I used pico. Until the day that I opened a file larger than my combined swap and memory… and linux started shutting processes down. I then resolved to learn more vi commands, which was the only reason I used pico in the first place Ignorance.
Linux (mostly slackware) geek, tooled about with Solaris and Irix, worked on … ohgoditsbeenawhile… unix emulated system on ibm’s os390 - a mainframe OS. Weird weird stuff. Been meaning to install a BSD os for a while - waiting for hubby to clear off his laptop so I can. Writing PHP, I have written bash (I ran into a LOT of bloat writing a bash/dialog script to customize ipfw way back when that was current, and then learned perl) some javascript, html of course, asp, SQL, yadda yadda.
Always wanting to learn more, but I’ve been stuck with support jobs that have me working more in MS OSes than I like. And now I’m a waitress - well, maybe I can take up geeking on my spare time.
I’ve been a pro geek since 1985, hacking COBOL on IBM MVS System 360. Started doing DB2 in the version 2 era. I was so used to the ISPF editor that I bought a Windoze version when I started working on that platform. I’ve had formal training in Fortran, PL/I, COBOL, and assembler (both 8080 and System 360). I’ve taught myself C, C++, Java, and a bit of Perl and Python. I still have a deck of punch cards laying around the house somewhere. As an exercise, we wrote a simple ‘hello world’ type assembler program, hand translated it into machine code, and entered it into the system by setting the switches on the front of the Altair 8080.
These days I split my time between Windoze and *nix, mainly Linux and Solaris. If I need to do some quick lite editing I’ll use vi (even on Win2K thanks to RKTools) but for heavy coding I use the excellent JEdit.
Hardware geek checking in. I design chips. Which mostly amounts to years of boring Word documents, punctuated by a few blissful months of VHDL writing and simulation on a SunOS box.
Religious afilitions: bash, vi (better yet, vim), perl and pine
just wanted to through in a plug for vim for all you vi heads. It’s all the fun and power of vi, with the only the good bloat from emacs. Multiple buffer frames, multilevel undo, syntax highlighting, visual selection… shweet… (And no bloody tetris or chat).

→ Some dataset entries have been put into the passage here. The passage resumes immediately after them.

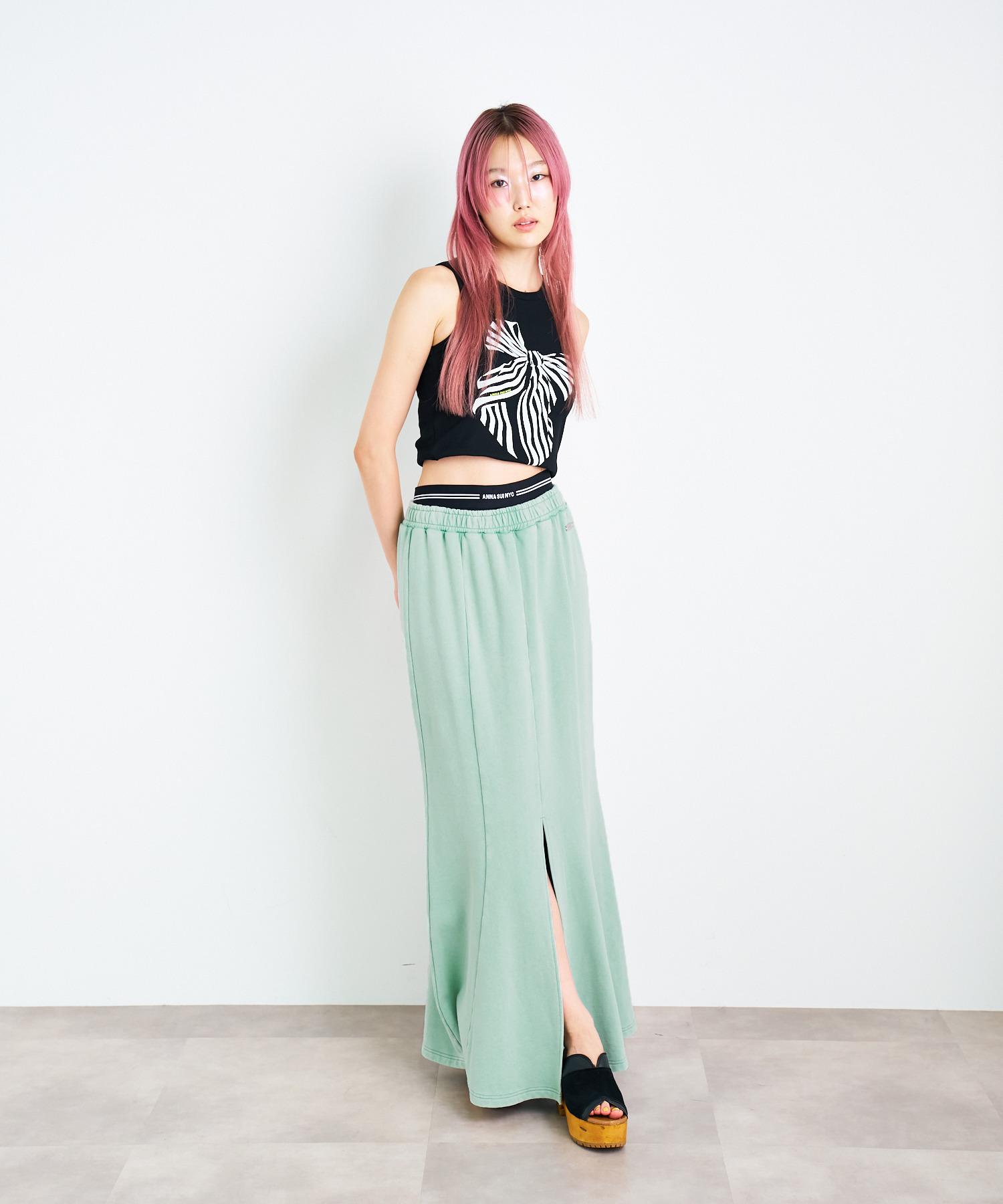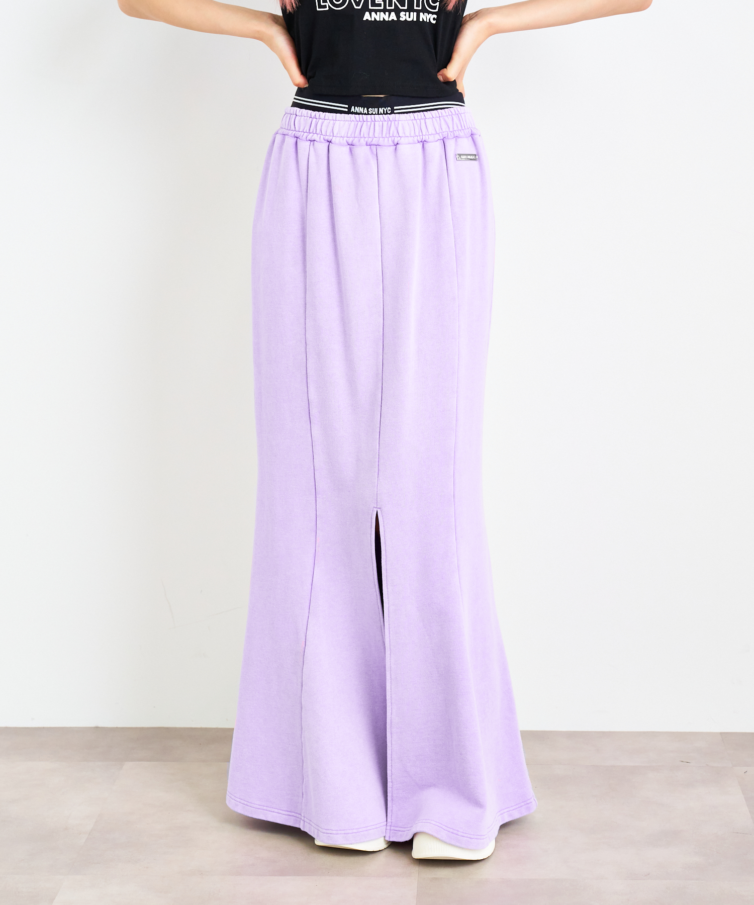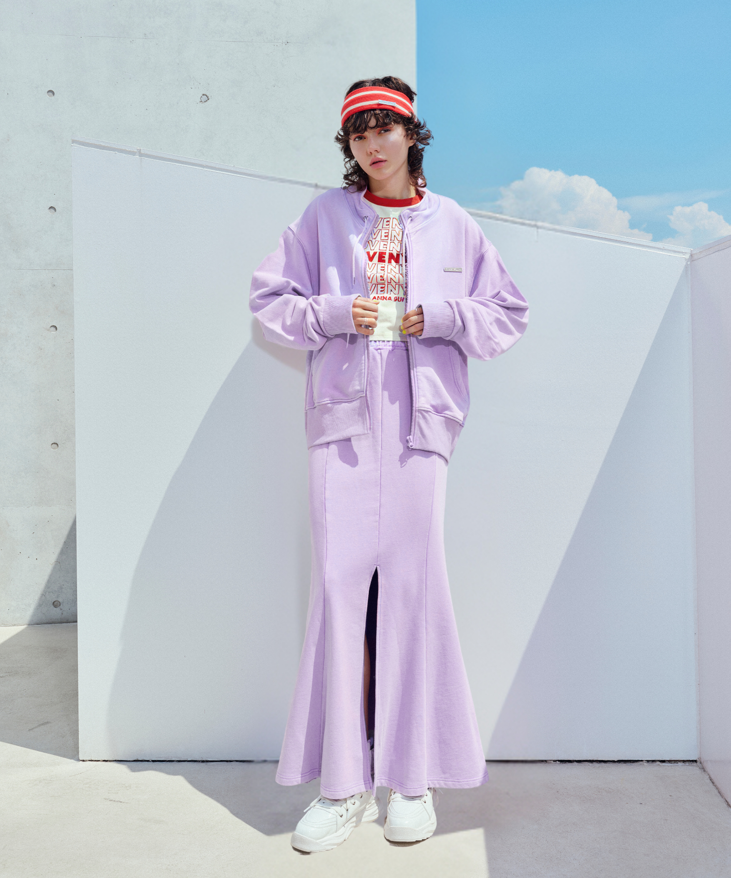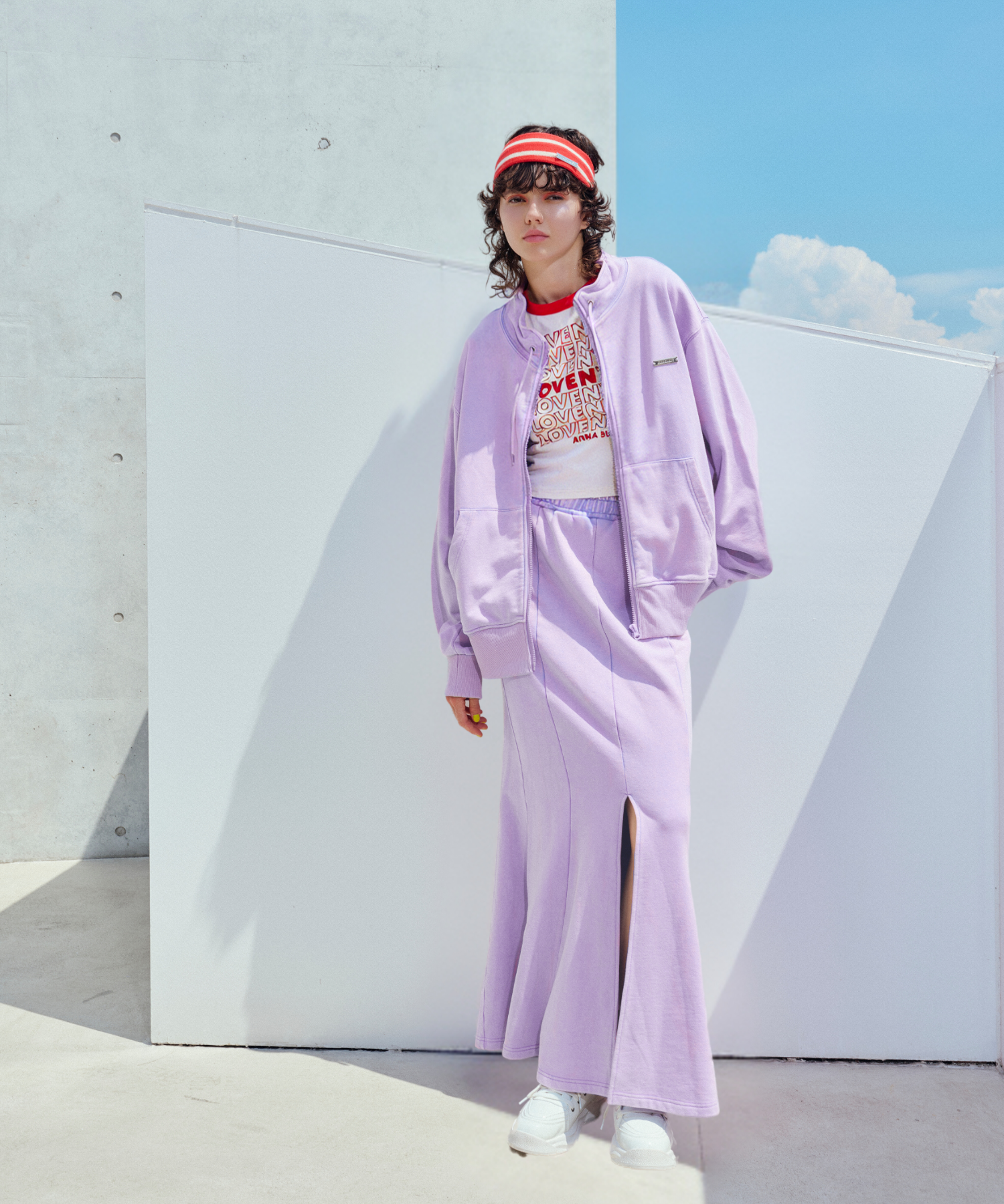 リラックスした雰囲気の中にも女性らしさが引き立つスウェット素材のマーメイドスカート。着古したような細かい色落ちや、加工ならではのアタリ感が表現できるパウダーブリーチ加工を採用し、トレンドのヴィンテージライクに仕上げました。フロントのスリットと切り替えのパネルラインがスタイルアップを叶えてくれます。
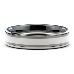 This silver finish 6mm wide Tungsten wedding band is crafted with immense thought and precision. The flat top is blended with brushed tone stripes to add an element of novelty and spark to the design. The ring's interior is very well polished to offer you a comfortable fit and to ensure that your finger doesn't change its color if the ring is worn for a long duration.
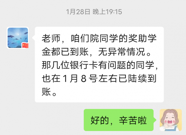 经过逐层自查,牧医工程学院秋季学期资助金额全部发放到账,不落一人,资助金额全部用于学生学习、生活,未出现任何截留、挪用、班级平分、提取班费等不符合国家规定的情况。(牧医工程学院)
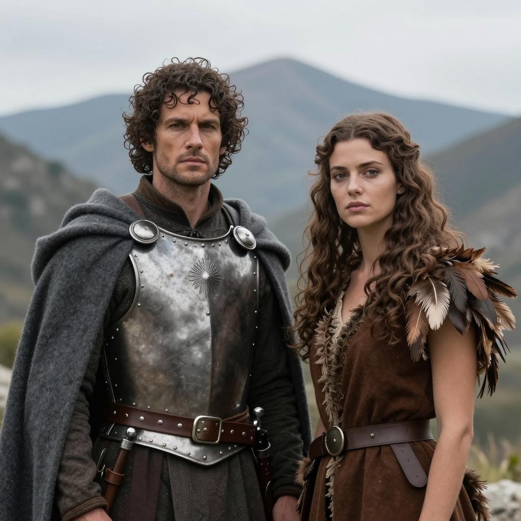 Five medieval warriors in a grassy field with green trees and mountains in the background. Leftmost woman with curly black hair, yellow cape, brown tunic, holding a red round shield. Second man with dark hair, green and gold patterned armor, pointing right. Third man in silver chainmail, helmet. Fourth man with brown hat, brown cloak, serious expression. Rightmost man with curly black hair, brown cloak, holding a sword. All stand closely together, looking towards the right.
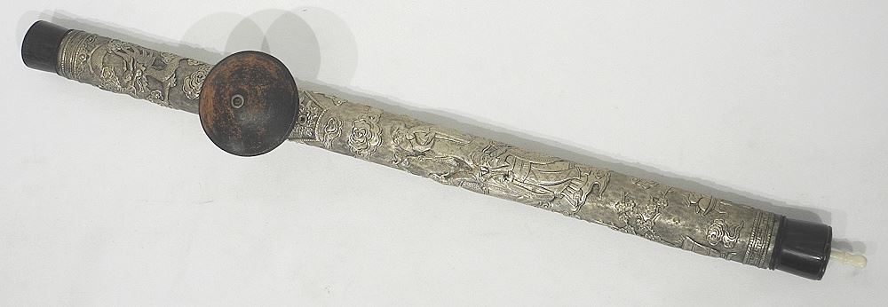 LOT 69 Chinese White Metal Opium Pipe. Estimate: $60 - $100 Sold For: $110 Auction Date: Tuesday, June 03 2025 at 4:00 PM
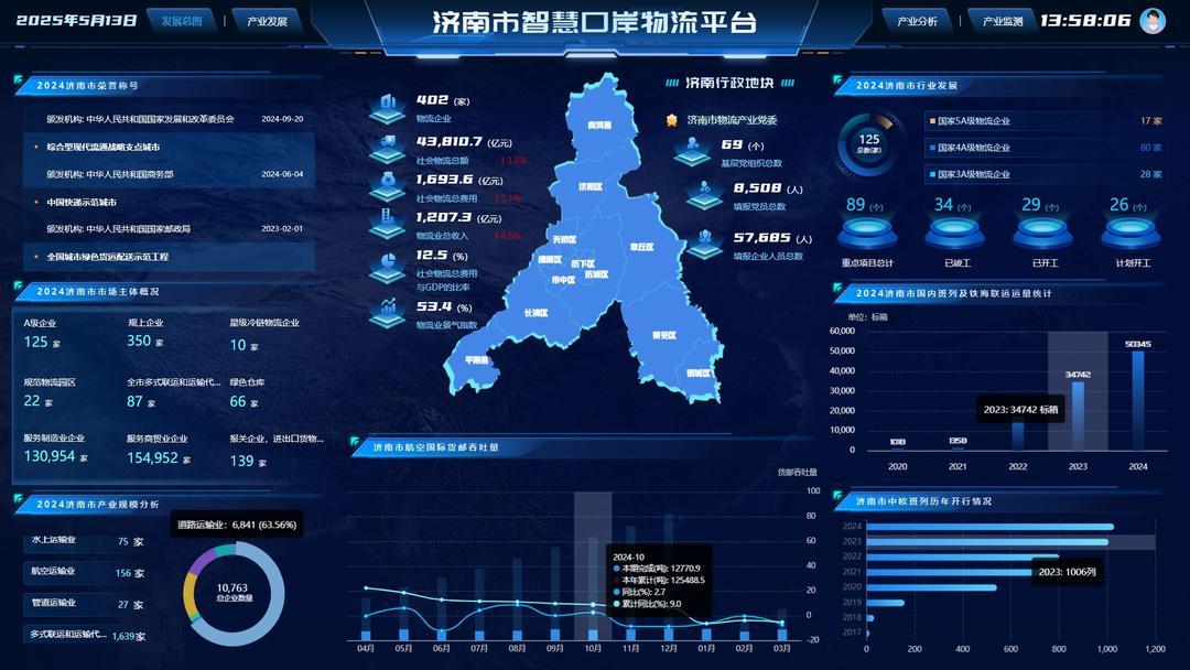 5月14日,记者从济南市委、市政府新闻发布会获悉,2025年,济南市口岸物流办将按照市委、市政府工作部署,扎实推进“165”工作体系。“1”即紧盯“高标准建设北方商贸物流中心”这一个目标;“6”即实施枢纽设施提升、“双循环”通道畅通、新质生产力培育、市场主体壮大、口岸治理赋能、反走私品牌擦亮等六项重点工程;“5”即强化政策支持、用地保障、人才培养、统计监测、区域协作等五项保障措施,加快完善“通道+枢纽+网络”的现代物流运行体系。
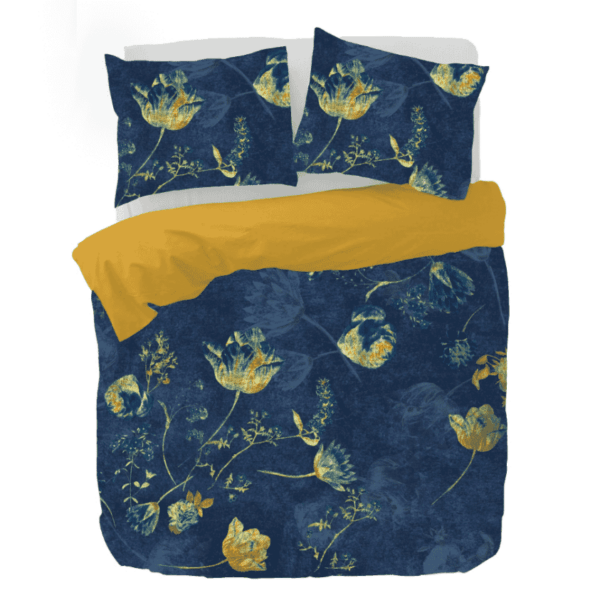 Het Lya dekbedovertrek uit de collectie van Kayori valt op door de prachtige goudkleurige bloemenprint, die op een donkerblauwe achtergrondkleur is geplaatst. Het dekbedovertrek straalt kracht en elegantie uit.
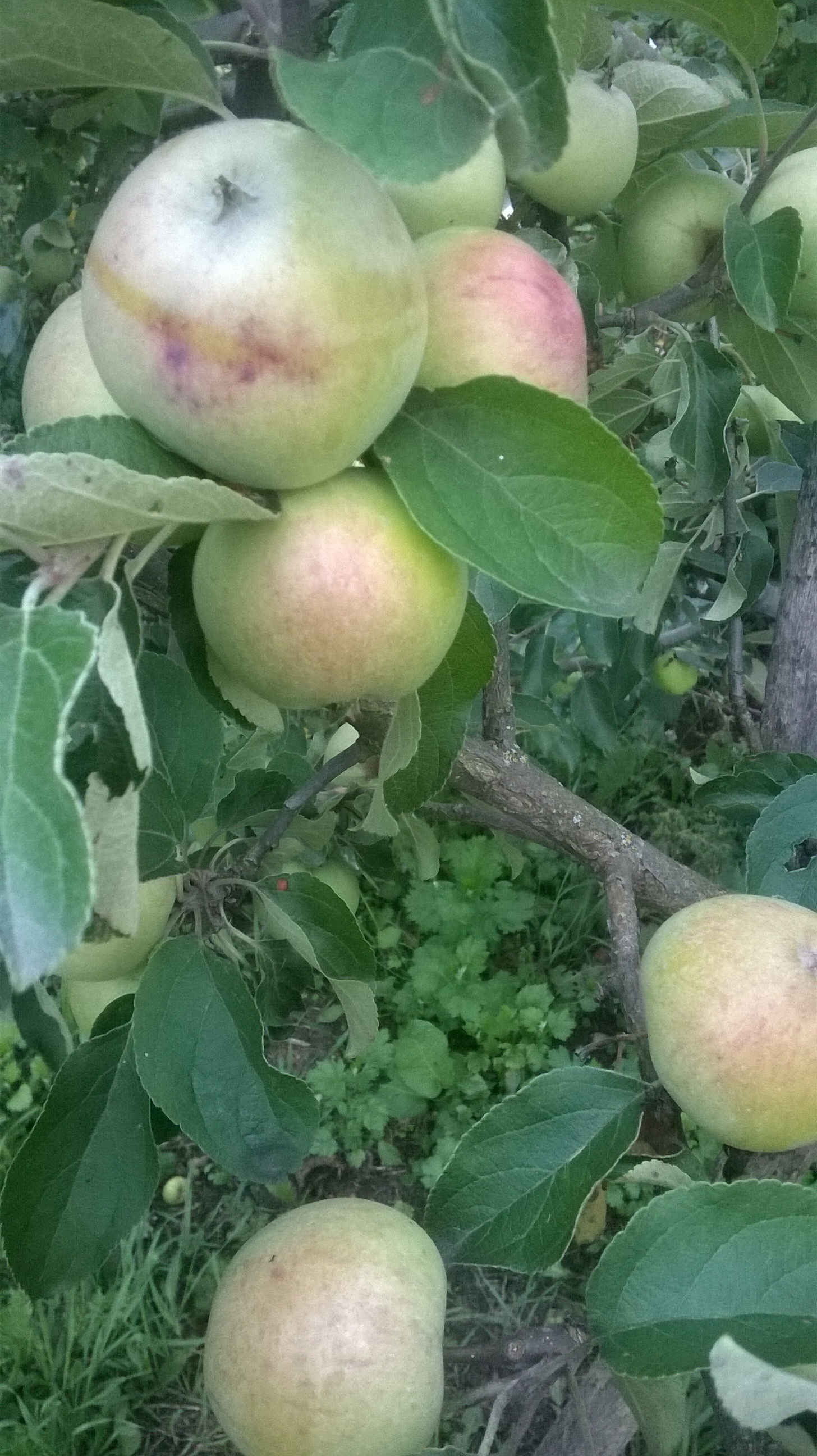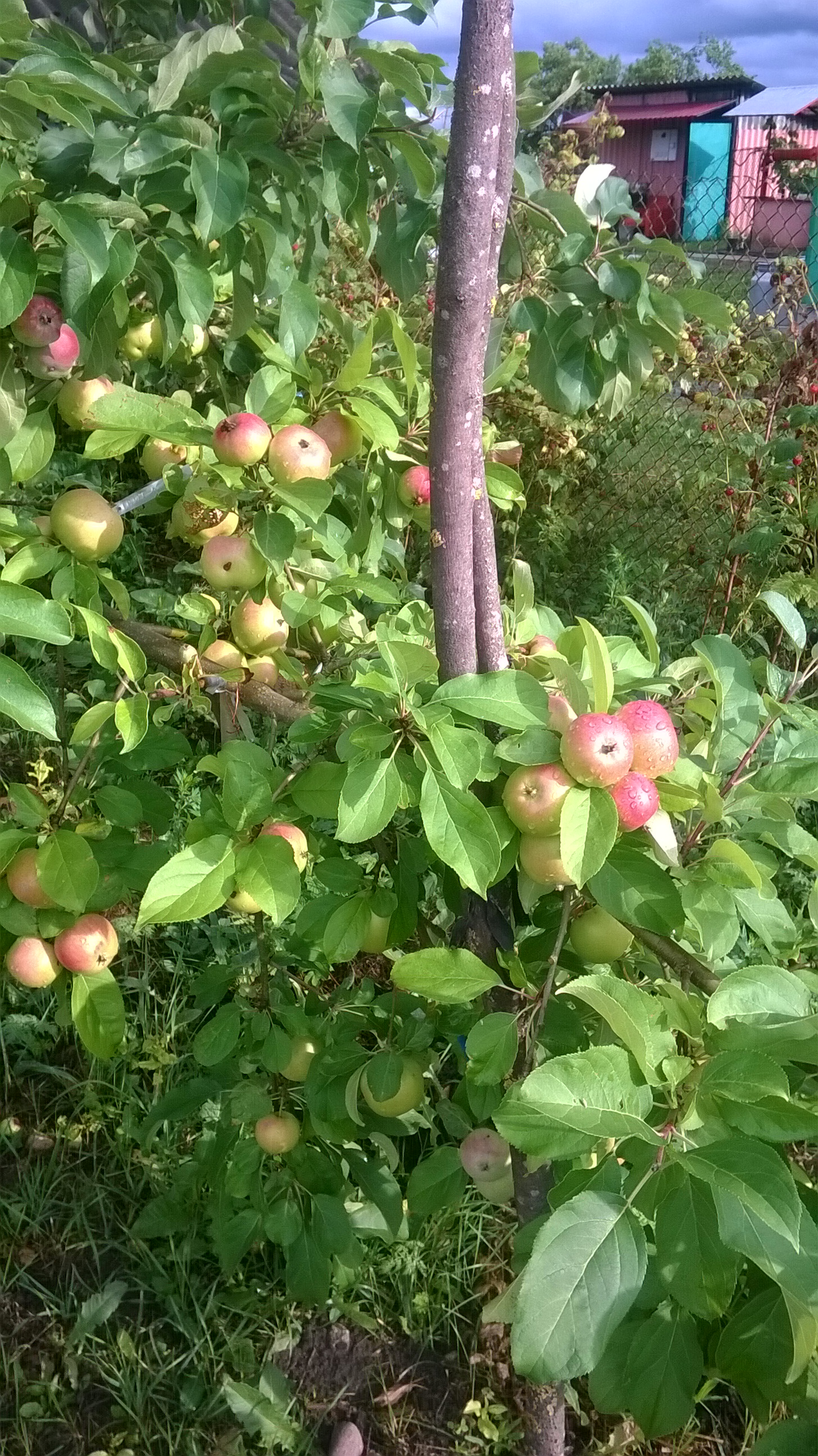 Коваленковское, наверное, не сбросило завязи нисколько, висят огромными гроздьями. Чтобы не обломались ветки нещадно удаляю часть яблок.
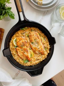 This creamy garlic lemon couscous with chicken is a skillet of comfort that you are going to absolutely love!
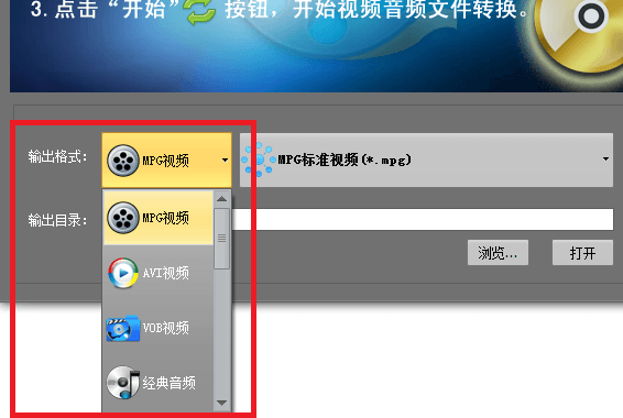 3、點(diǎn)擊“輸出格式”,選擇格式類(lèi)型;
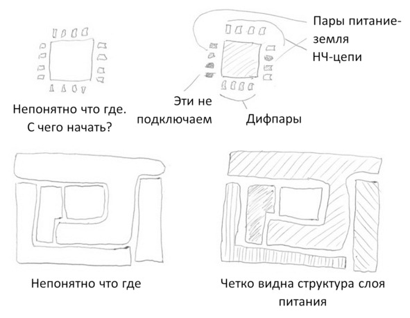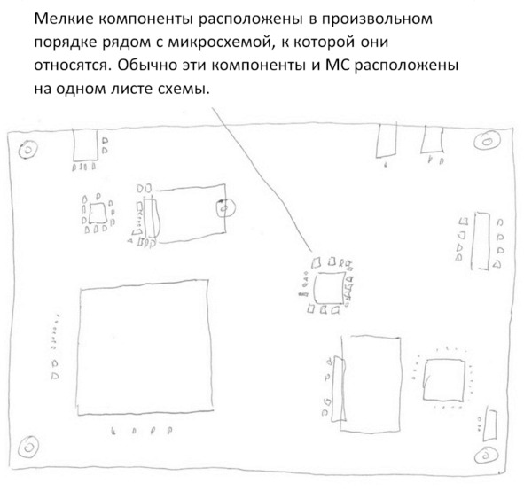 Крупные микросхемы и разъемы расположить примерно так, как они должны быть. Мелочь расположить группами рядом с соответствующими крупными микросхемами. Внутри групп расположение мелких компонентов произвольное, должна быть ясна только занимаемая ими площадь. Задача – определить взаимное расположение компонентов и как все будет умещаться.

The other day, I was trying to explain the beauty of vi to my fiancee, a devoted pico-ist. I started with simple regexp stuff that (to my knowledge) pico can’t do and worked up. (yeah, I know, that’s technically ex, not vi I was showing off). I got up to something like
when she finally broke and said: “That’s just ludicrous. LOOK at it. Don’t you see? It’s gibberish!”
Pro geek with a Comp Sci degree. I understood the subject line almost immediately. That’s in spite of the fact that I’ve done almost no *nix work in recent years. I occasionally telnet or ftp from Windows to a Unix shell and do some simple things like navigating and listing directories or transferring files. 5 or 6 years ago I was doing some pretty heavy Perl stuff under Unix. I miss it.
Look here, I’m a QA/CM specialist. I don’t care what you guys do as long as it is version controlled in a suitable repository, has been appropriately tested and approved by the users.
… you want me to compile what? have it to the users by when…?
…and meanwhile, you have me: GOAT (geek of all trades: master of none), who uses whatever gets the job done.
Wish I had more time to play about with *nix systems, however. Need to get back up to speed on 'em, but like davidm, I understood the subject line pretty quickly.
What, no test scripts in a closed loop test lab Opengrave?
'nother geek here too. Although not actively programming anymore, I did a lot of PL/SQL in Oracle, on UNIX. I usually used telnet session(s) against piped into an HP box with UNIX v11.x. I used VI all the time, hands down. I love it. In the office we use Linux. The powers-that-be feel that Linux is more virile than eunuchs. Okay, cheaper at least.
I did have OpenBSD on one of my boxes at home for months, but I eventually scrapped it and went back to Linux. OpenBSD kicked ass, no doubt about it, but Linux could easily support some routing trickery that OpenBSD couldn’t, at least not at the pf/ipf level.